──────── RECORDS FOR PROCESSING

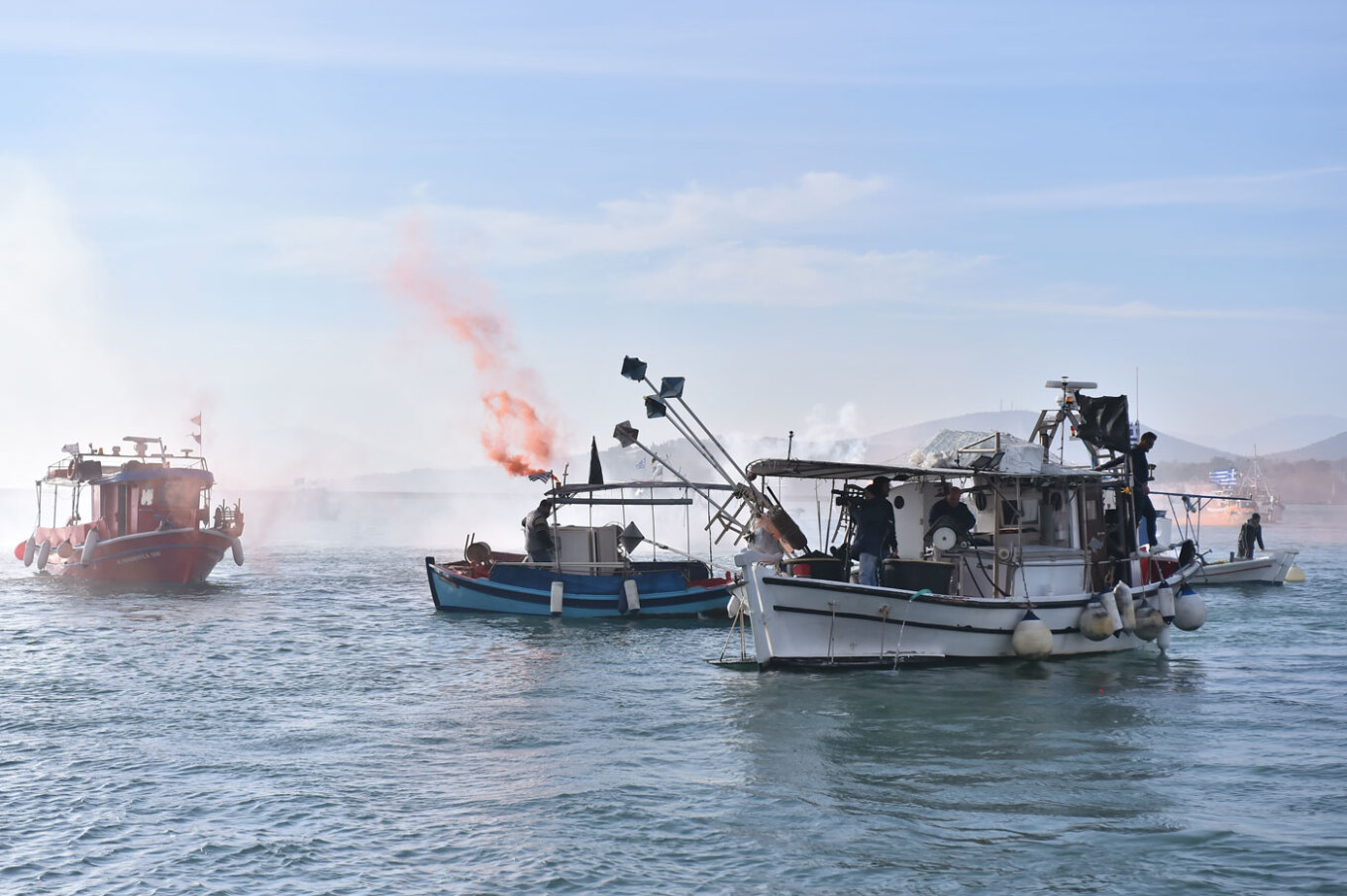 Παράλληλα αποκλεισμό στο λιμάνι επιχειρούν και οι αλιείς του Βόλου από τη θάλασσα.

────────────────
──────── RECORDS FOR PROCESSING

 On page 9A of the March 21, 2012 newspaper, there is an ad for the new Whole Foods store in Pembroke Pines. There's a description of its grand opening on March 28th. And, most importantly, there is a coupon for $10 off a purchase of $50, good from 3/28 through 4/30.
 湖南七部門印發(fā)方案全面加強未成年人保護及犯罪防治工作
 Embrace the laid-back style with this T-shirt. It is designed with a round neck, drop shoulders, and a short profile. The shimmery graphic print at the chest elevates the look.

────────────────

**TO DO:** Reproduce only the lines above spanning from the line containing "On page 9A of" through the line containing "Embrace the laid-back", word for word.

**ANSWER TO THE EXERCISE:**
 On page 9A of the March 21, 2012 newspaper, there is an ad for the new Whole Foods store in Pembroke Pines. There's a description of its grand opening on March 28th. And, most importantly, there is a coupon for $10 off a purchase of $50, good from 3/28 through 4/30.
 湖南七部門印發(fā)方案全面加強未成年人保護及犯罪防治工作
 Embrace the laid-back style with this T-shirt. It is designed with a round neck, drop shoulders, and a short profile. The shimmery graphic print at the chest elevates the look.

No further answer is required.